=== ABOUT THIS TASK ===
The listing below should be printed again word for word, without any images.

=== EXERCISE DATA ===

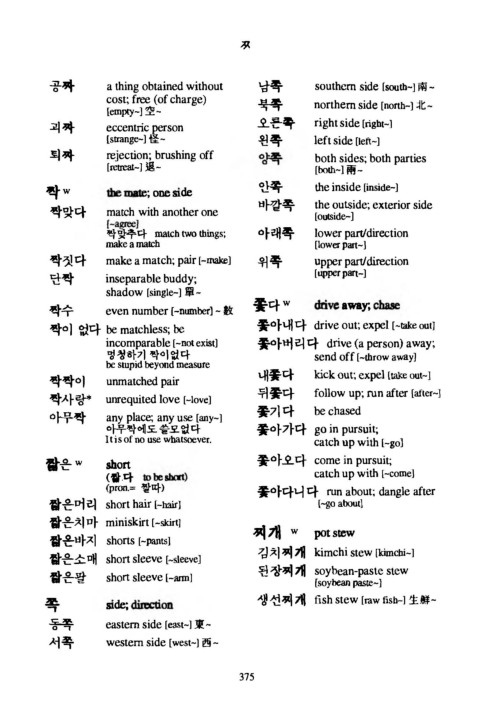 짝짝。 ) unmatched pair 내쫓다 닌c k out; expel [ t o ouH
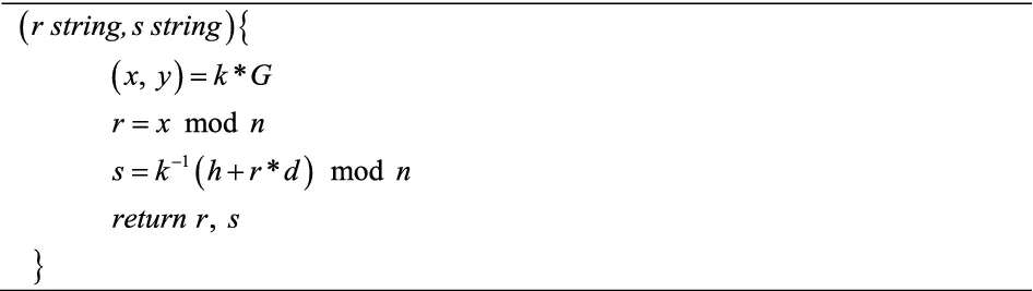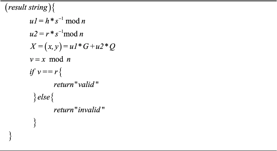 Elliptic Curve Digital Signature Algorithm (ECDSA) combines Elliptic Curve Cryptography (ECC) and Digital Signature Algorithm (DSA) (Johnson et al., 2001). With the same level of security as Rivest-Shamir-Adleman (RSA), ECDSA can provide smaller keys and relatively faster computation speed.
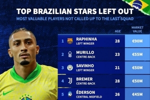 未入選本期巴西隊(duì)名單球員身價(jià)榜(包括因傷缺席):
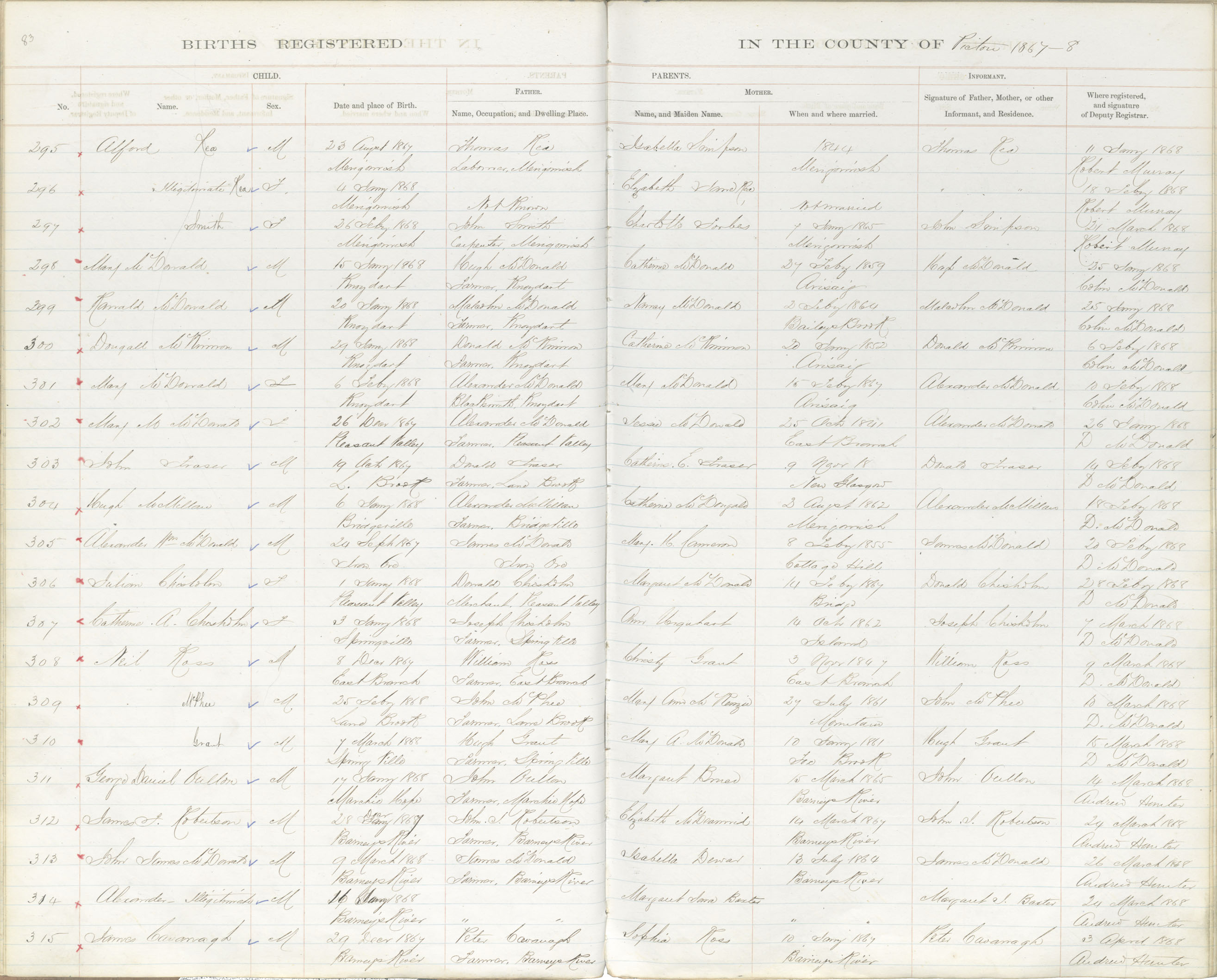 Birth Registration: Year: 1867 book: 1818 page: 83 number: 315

=== RESPONSE BELOW ===
 짝짝。 ) unmatched pair 내쫓다 닌c k out; expel [ t o ouH
 Elliptic Curve Digital Signature Algorithm (ECDSA) combines Elliptic Curve Cryptography (ECC) and Digital Signature Algorithm (DSA) (Johnson et al., 2001). With the same level of security as Rivest-Shamir-Adleman (RSA), ECDSA can provide smaller keys and relatively faster computation speed.
 未入選本期巴西隊(duì)名單球員身價(jià)榜(包括因傷缺席):
 Birth Registration: Year: 1867 book: 1818 page: 83 number: 315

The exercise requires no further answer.